WORK TO BE COMPLETED | Leaving out every picture, quote the data below exactly as it appears.
START DATA SHOWN
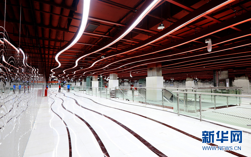 知識城站以大量的鋁合金和LED燈具來體現知識的現代美感。新華網發
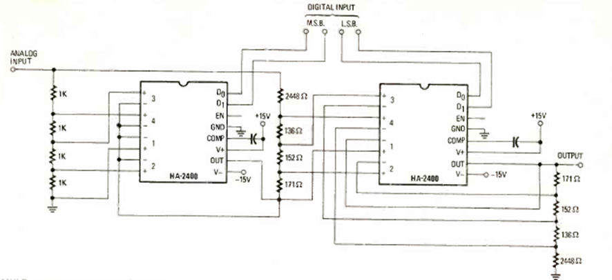 Este circuito convertidor de digital a analógico se encontró en la revista Radio Electronics de marzo de 1980. La fuente de alimentación debe ser simétrica y los controles digitales pueden ser TTL.
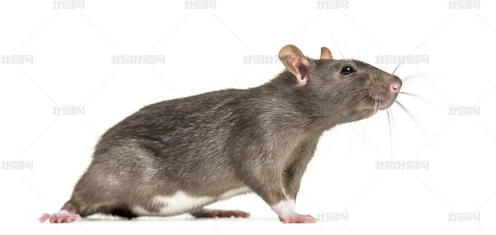 灰色老鼠站立在白色背景前
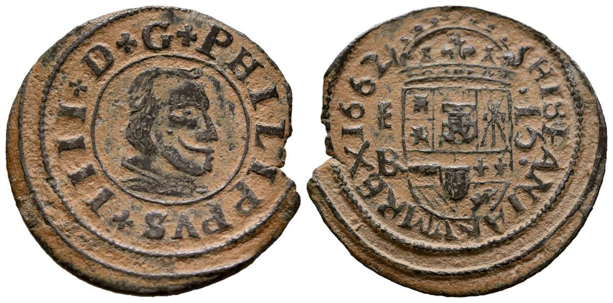 FELIPE IV (1621-1665). 16 Maravedís. (Ae. 3,41g/26mm). 1662. Segovia BR. (Cal-2019-488). MBC.
END DATA SHOWN
RESULT |
 知識城站以大量的鋁合金和LED燈具來體現知識的現代美感。新華網發
 Este circuito convertidor de digital a analógico se encontró en la revista Radio Electronics de marzo de 1980. La fuente de alimentación debe ser simétrica y los controles digitales pueden ser TTL.
 灰色老鼠站立在白色背景前
 FELIPE IV (1621-1665). 16 Maravedís. (Ae. 3,41g/26mm). 1662. Segovia BR. (Cal-2019-488). MBC.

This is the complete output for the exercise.